I'm a little sleep deprived but even with that it's painfully clear that isn't what was being said on account of
>It's not bad,
She and Quasimodo were just friendly with each other. There was no flirty banter that she likes in a relationship, which she did get from Pheobus. Quasimodo latched onto her and believed that friendliness was romantic love because he didn't have much experience with relationships with women, which isn't his fault, it's Frollo's.
She fell for Phoebus purely because of his looks, not a aingle thing about “flirty banter”. The book couldn’t be any more clear about this, she is a shallow prostitute and quasi is ugly
Women don't like you because you are moronic anon, not because you are ugly
This discussion is based on the Disney movie, not the book. The book would be a Cinemaphile discussion and is already pretty different from the movie.
>Quasimodo latched onto her and believed that friendliness was romantic love because he didn't have much experience with relationships with women
that IS romantic love
being nice + good looks
what else do you want? Do you want your future partner to not be nice?
It isn't romantic love, but it can and often is a part of it. But it's also friendship. What people find attractive is relative and often depends on individual's personality. Quasimodo was attracted to Esmeralda's motherly side due to his own lack of a mother figure in his life. Esmeralda liked the side of Pheobus that could push back against her own sassiness in a way that made them feel like equals. They had better natural chemistry, while Quasimodo and Esmeralda were more onesided in that respect. Quasimodo needs to find someone who he has two way chemistry with. He prefers a kind and motherly presence in a partner, and he provides a sensitive gentle soul. So he needs to find a woman who has that motherly side to her and craves a more artistic gentle individual like him.

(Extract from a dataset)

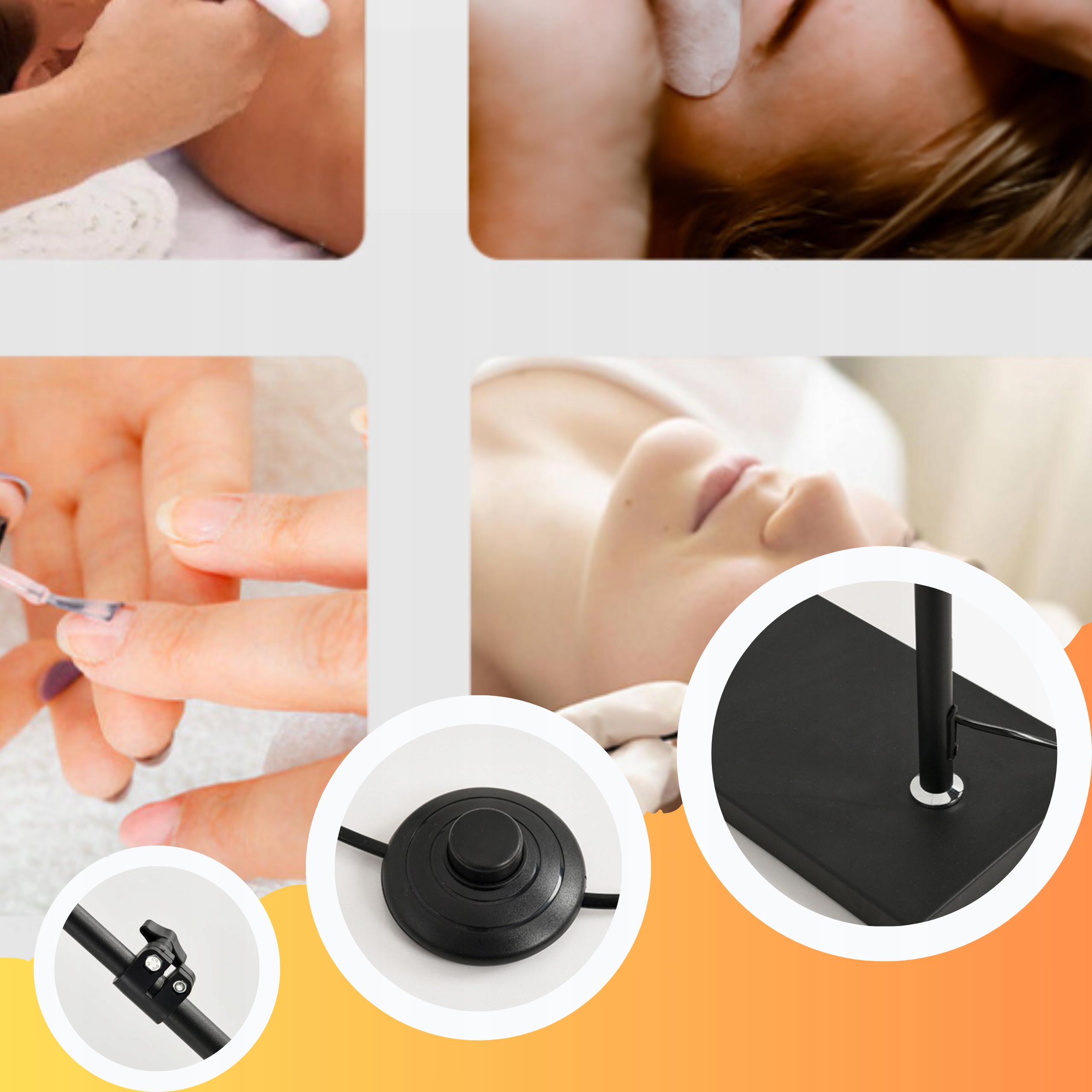 ✅ Зручна регульована по висоті ніжка: лампа розміщена на стійкій регульованій по висоті ніжці. Ви можете відрегулювати його положення, щоб отримати найкраще положення для виконання косметичних процедур.
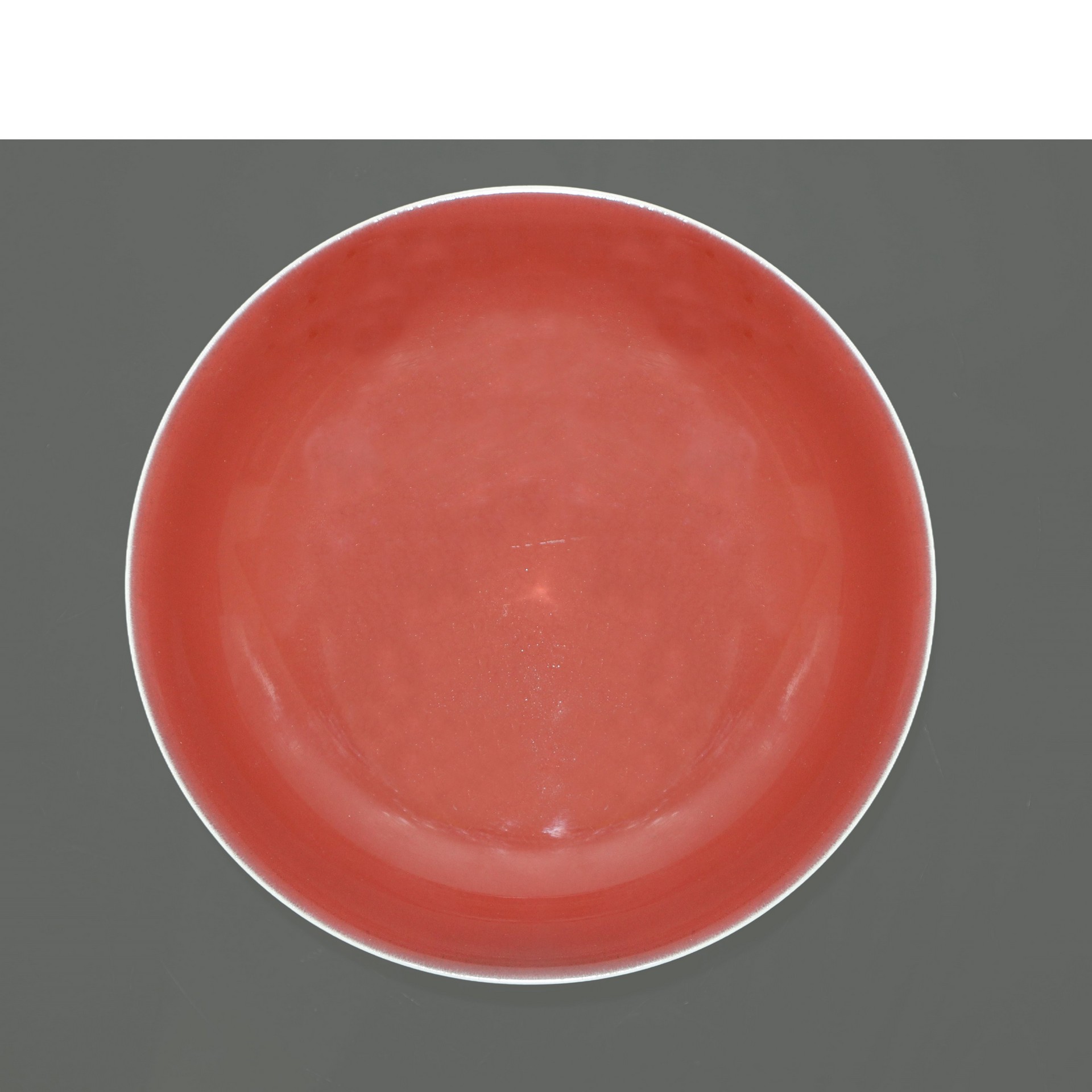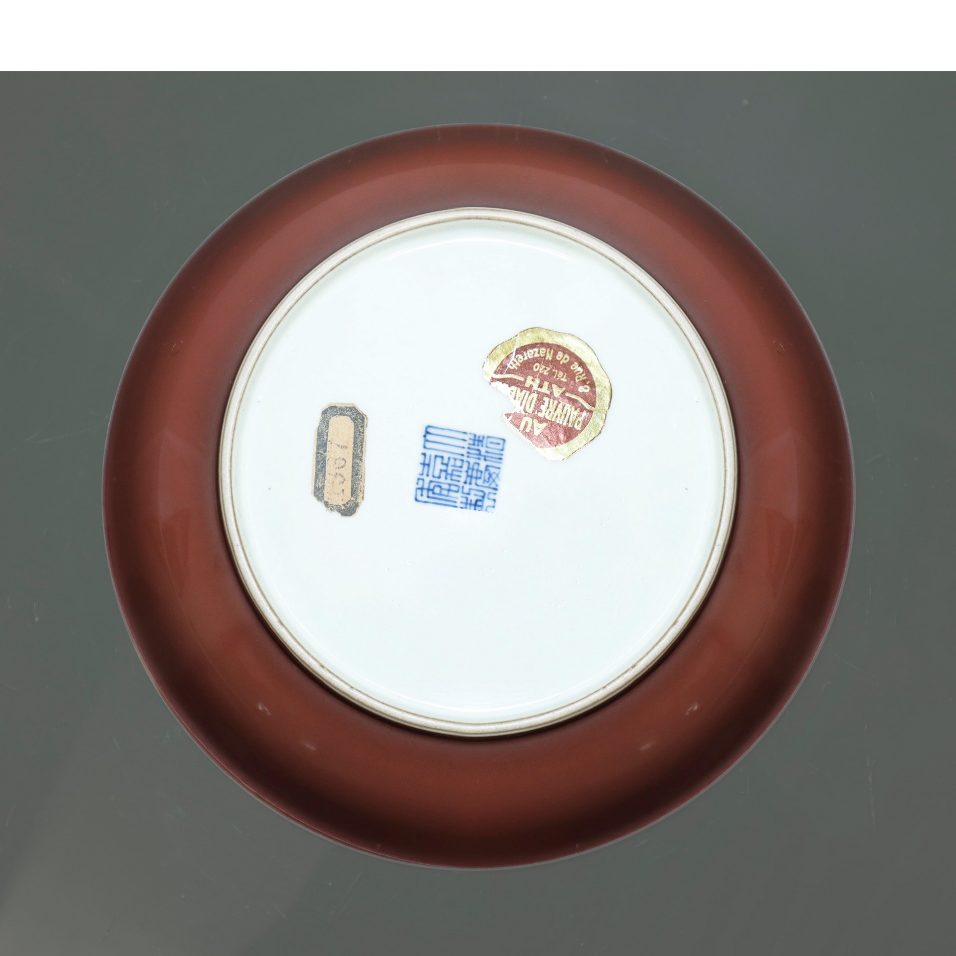 Piatto in ceramica cinese smaltato rosso, appartenente alla dinastia Qing, Nineteen° secolo

>It isn't romantic love, but it can and often is a part of it. But it's also friendship.
guy and female friendship can only exist if one of them is not attractive to the other, otherwise it will lead to romantic attraction. Romantic feelings are really really really not that complicated "I like them plus they look hot" is all it takes. Whether they are compatible to each other is another thing, but couples only find that out after a few dates.(unless it is something as obvious as "I hate dogs/I love dogs, I have three")
Quasi is in love with Esma because she triggers both requirements, but to Esma Quasi is only one of the two.
No, Esmerelda liked Phoebus after barely knowing him for 15 seconds because he was pretty.
God I fricking hate you moralising condescending morons. There was no deep love of his personality or “chemistry” that won Esmerelda over, it’s that Phoebus was pretty and she’s a shallow prostitute, based on a book where she is also a shallow prostitute
You sound bent out of shape anon, how many girls denied you sex
>if she doesn't want to frick a deformed moron she's a shallow prostitute
You seem to take this very personally
Lust is a perfectly good subject matter for a dramatic song, especially in a religious context
Right I got cut off and posted early, but what I was trying to say the song's not bad and it's not that the subject is bad, just that I think a huge part of why it secured its original reputation and continued from there was from the sheer fricking shock of "Disney did a song about what?" that kind of memed it from being like a B+ to maybe A kinda song to just being endlessly gushed about as the best thing Disney ever. did
I mean, he is ugly. Can you blame her?
The gargoyles are the worst part of this movie, its clear they just wanted to ape the 4th wall breaks of Alladin.
It's better if you think of them as hallucinations that Quasimodo made up to entertain himself because he was lonely and had nobody else but Frollo to speak to.
That was the director's justification, but the reason they were in the movie was for commercial interests. Something to fulfill the "funny mascot" niche of marketing.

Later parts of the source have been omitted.